**What you are asked to do**
Provide an exact copy of the data, excluding the images.

**Extracted information**
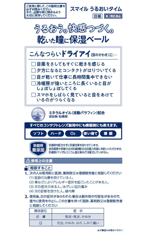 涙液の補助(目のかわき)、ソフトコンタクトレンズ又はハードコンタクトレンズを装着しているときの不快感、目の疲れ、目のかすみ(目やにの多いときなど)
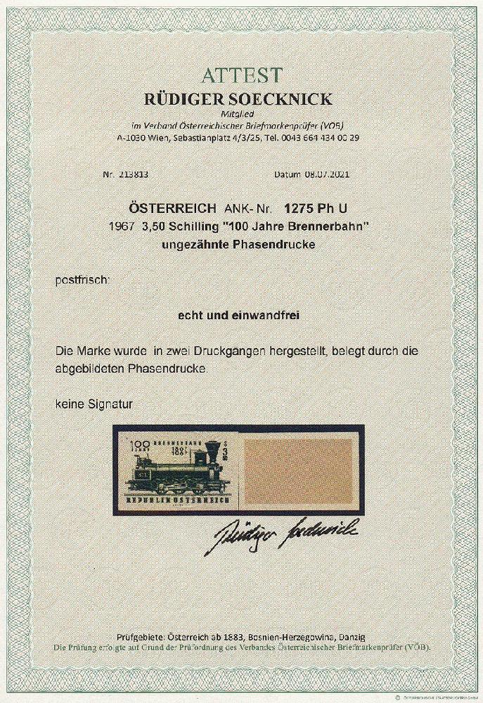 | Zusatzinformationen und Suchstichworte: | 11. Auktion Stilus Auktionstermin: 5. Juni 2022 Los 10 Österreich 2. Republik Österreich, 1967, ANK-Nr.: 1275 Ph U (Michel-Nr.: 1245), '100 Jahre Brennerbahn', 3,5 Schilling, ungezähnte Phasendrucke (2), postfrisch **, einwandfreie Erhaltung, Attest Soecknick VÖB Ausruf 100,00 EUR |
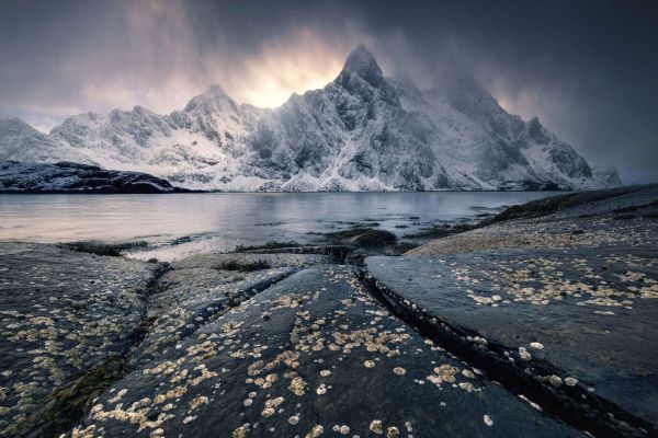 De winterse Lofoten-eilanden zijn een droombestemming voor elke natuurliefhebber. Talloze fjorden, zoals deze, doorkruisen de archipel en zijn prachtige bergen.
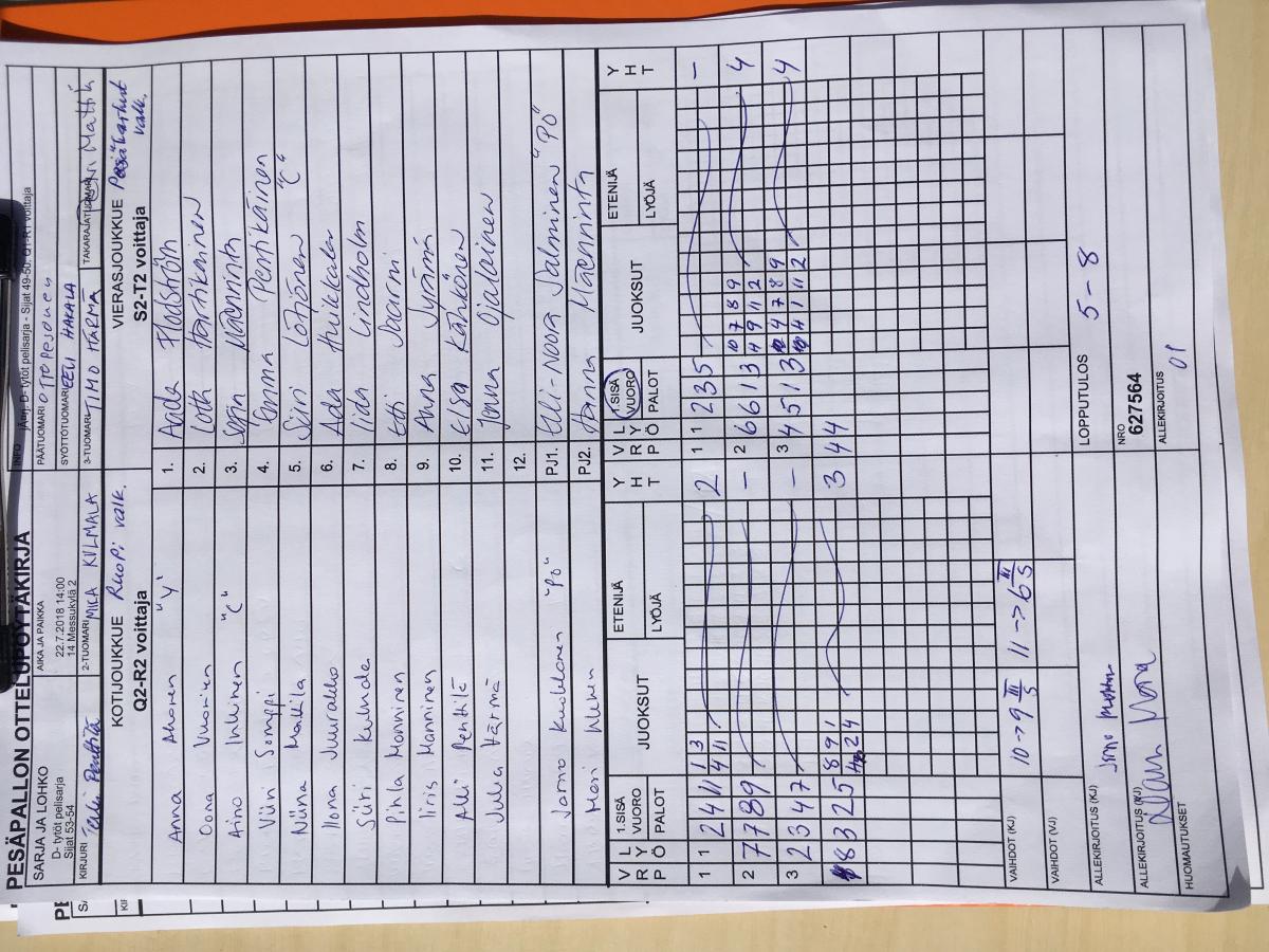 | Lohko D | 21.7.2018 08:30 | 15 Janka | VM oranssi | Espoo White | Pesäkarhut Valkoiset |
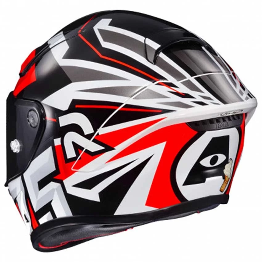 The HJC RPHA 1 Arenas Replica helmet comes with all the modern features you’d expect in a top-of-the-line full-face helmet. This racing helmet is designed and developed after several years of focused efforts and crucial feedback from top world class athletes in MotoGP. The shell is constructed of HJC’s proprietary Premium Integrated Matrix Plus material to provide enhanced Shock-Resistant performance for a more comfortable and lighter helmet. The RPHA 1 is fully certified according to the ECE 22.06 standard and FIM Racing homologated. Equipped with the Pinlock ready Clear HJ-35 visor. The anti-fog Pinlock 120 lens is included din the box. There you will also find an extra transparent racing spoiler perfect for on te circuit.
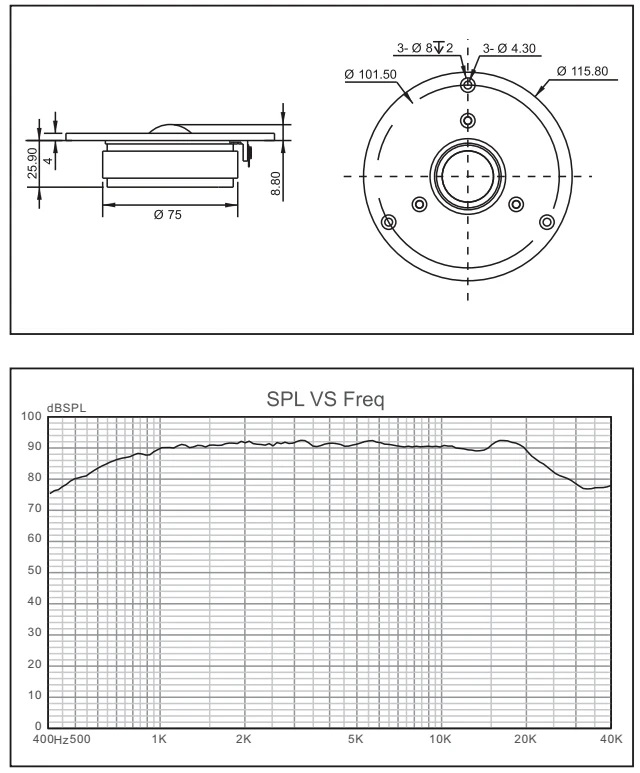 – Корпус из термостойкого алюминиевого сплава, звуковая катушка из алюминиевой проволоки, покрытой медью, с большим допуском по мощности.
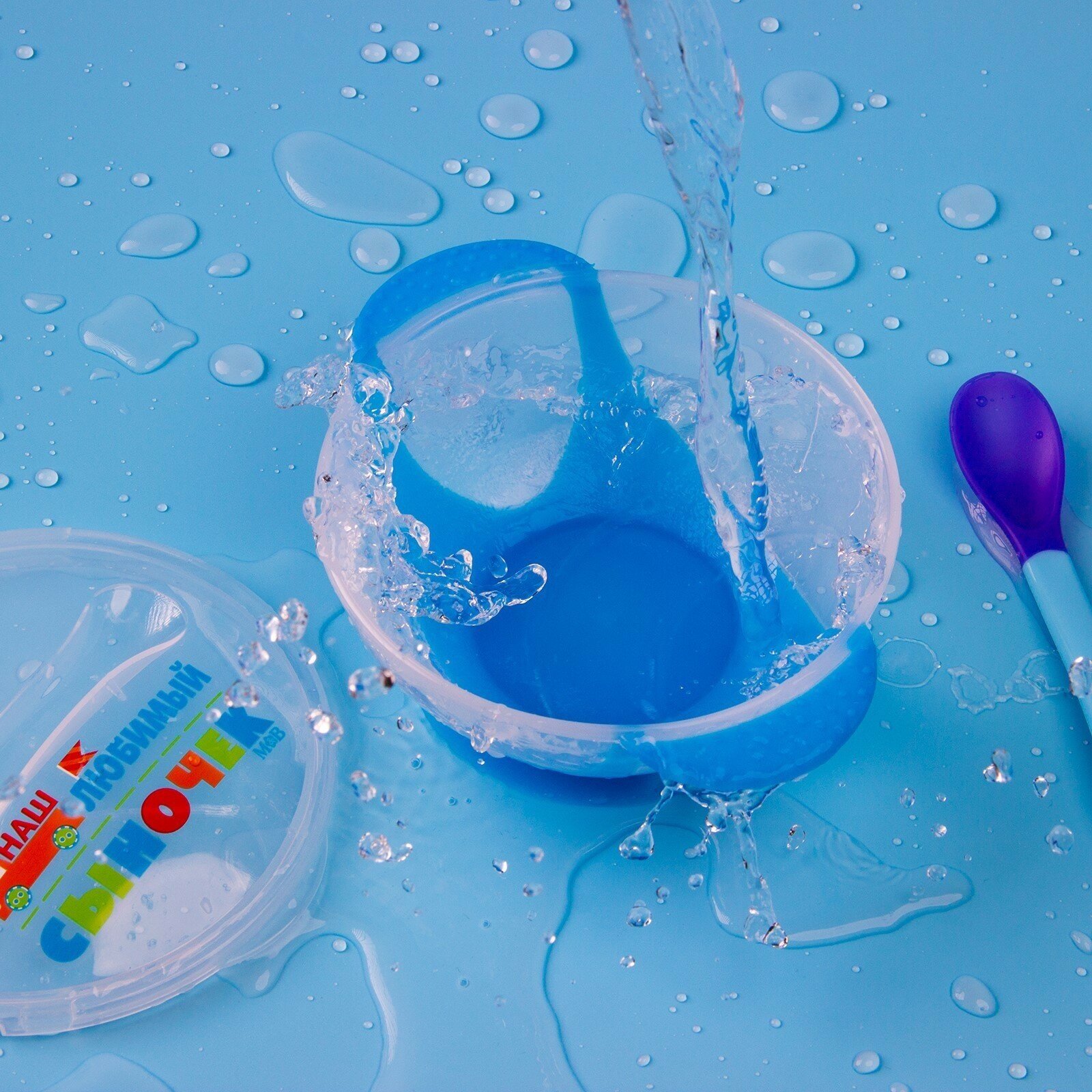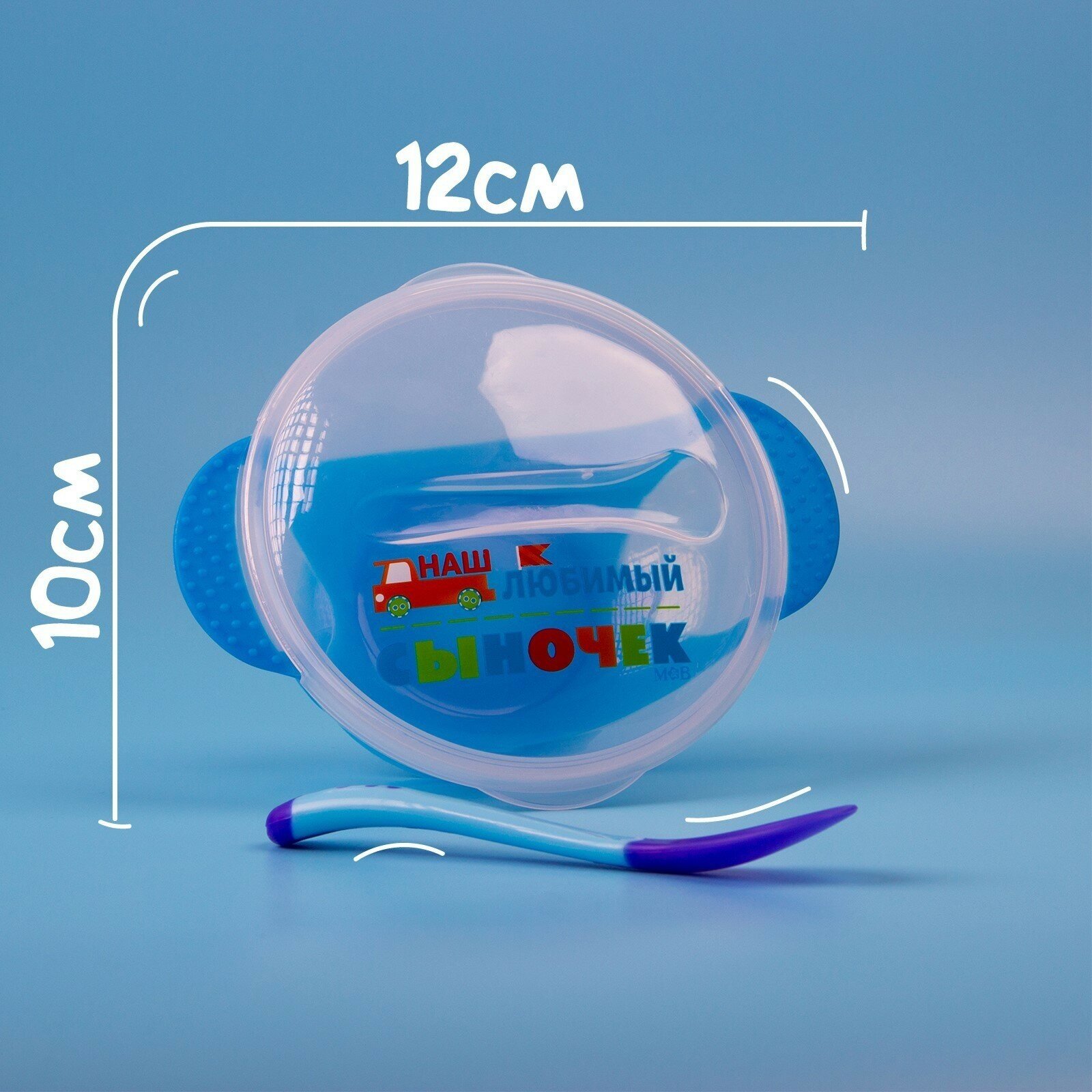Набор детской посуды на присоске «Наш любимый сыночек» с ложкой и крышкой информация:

**Task output**
 涙液の補助(目のかわき)、ソフトコンタクトレンズ又はハードコンタクトレンズを装着しているときの不快感、目の疲れ、目のかすみ(目やにの多いときなど)
 | Zusatzinformationen und Suchstichworte: | 11. Auktion Stilus Auktionstermin: 5. Juni 2022 Los 10 Österreich 2. Republik Österreich, 1967, ANK-Nr.: 1275 Ph U (Michel-Nr.: 1245), '100 Jahre Brennerbahn', 3,5 Schilling, ungezähnte Phasendrucke (2), postfrisch **, einwandfreie Erhaltung, Attest Soecknick VÖB Ausruf 100,00 EUR |
 De winterse Lofoten-eilanden zijn een droombestemming voor elke natuurliefhebber. Talloze fjorden, zoals deze, doorkruisen de archipel en zijn prachtige bergen.
 | Lohko D | 21.7.2018 08:30 | 15 Janka | VM oranssi | Espoo White | Pesäkarhut Valkoiset |
 The HJC RPHA 1 Arenas Replica helmet comes with all the modern features you’d expect in a top-of-the-line full-face helmet. This racing helmet is designed and developed after several years of focused efforts and crucial feedback from top world class athletes in MotoGP. The shell is constructed of HJC’s proprietary Premium Integrated Matrix Plus material to provide enhanced Shock-Resistant performance for a more comfortable and lighter helmet. The RPHA 1 is fully certified according to the ECE 22.06 standard and FIM Racing homologated. Equipped with the Pinlock ready Clear HJ-35 visor. The anti-fog Pinlock 120 lens is included din the box. There you will also find an extra transparent racing spoiler perfect for on te circuit.
 – Корпус из термостойкого алюминиевого сплава, звуковая катушка из алюминиевой проволоки, покрытой медью, с большим допуском по мощности.
Набор детской посуды на присоске «Наш любимый сыночек» с ложкой и крышкой информация:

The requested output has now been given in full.